Written by Robert T. Nickerson
Estate planning doesn't just affect the people you want to address like your family; it can affect the family for generations in the long run. A good example of this is from the founding father and first president, George Washington. According to his will and last testament of 1799, George Washington granted "use, profit, and benefit" of his property to his "dearly beloved wife Martha Washington." He also set up to finance the creation of an orphan school, forgive many debts from family members, had set aside accounts for the creation of the Washington & Lee University and had arrangements made for those close to him to be cared for.
It was the goal of Washington to use what he's built to provide for the people he cared for, deal with any business debts, and be charitable to the needy. Even after 200 years, Washington's estate plan holds up and can apply for the modern era in the way families should consider with their own plans.
Washington was open about the displeasure of creating such a document, one that reads at over 5,500 words… which is about nine pages, single spaced.
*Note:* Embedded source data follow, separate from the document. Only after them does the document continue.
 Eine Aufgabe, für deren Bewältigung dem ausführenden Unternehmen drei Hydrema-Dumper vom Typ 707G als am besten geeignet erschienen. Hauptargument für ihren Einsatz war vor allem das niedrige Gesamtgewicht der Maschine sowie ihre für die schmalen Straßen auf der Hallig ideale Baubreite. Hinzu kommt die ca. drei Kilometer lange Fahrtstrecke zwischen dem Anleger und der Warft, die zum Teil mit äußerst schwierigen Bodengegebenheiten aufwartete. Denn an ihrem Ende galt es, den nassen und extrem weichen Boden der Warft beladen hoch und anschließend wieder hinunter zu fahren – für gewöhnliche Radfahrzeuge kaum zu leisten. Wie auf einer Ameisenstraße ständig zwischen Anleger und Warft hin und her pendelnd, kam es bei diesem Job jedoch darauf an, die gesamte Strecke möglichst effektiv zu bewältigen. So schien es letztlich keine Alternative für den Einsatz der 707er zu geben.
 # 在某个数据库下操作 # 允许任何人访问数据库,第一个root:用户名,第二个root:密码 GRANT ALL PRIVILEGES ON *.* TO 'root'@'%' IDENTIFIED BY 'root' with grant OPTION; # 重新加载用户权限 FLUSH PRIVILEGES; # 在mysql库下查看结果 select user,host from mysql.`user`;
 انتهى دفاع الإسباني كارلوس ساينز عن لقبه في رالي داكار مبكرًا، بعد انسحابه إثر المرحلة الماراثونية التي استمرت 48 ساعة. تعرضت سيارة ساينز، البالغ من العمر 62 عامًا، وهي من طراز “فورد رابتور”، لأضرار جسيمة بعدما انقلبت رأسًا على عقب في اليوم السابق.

But it's still impressive to at least see how close modern estate plans cone to it.
Admittedly, creating an estate plan is no Disneyland vacation; it can be expensive and time consuming. We can still take a history lesson from Washington, as he wrote it. This gives us a glimpse into his thoughts and where he wanted his legacy to go when he was gone.
Every estate plan should cater to yourself and the people you care about. A good estate plan should be reflective about your own legacy and what it's going to mean to everyone else. This could mean setting something up for someone with special needs or even setting aside assets to go to your heirs.
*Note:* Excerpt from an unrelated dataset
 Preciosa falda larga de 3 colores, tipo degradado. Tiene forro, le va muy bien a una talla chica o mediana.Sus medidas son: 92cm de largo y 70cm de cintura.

In order to ensure a lasting legacy and ease of mind, a good estate plan should consider three focal points in order to have something as effective as Washington had planned; Communication, clarity, and customization.
The first involving communication is meant for your family. Don't get me wrong; a proper estate plan will have a lot of language that will come off as technical and is meant to follow the rule of the law and court, ensuring that on paper, things are going without trouble. But who is the estate plan for? Your lawyers or your family? If you answered family, your correct!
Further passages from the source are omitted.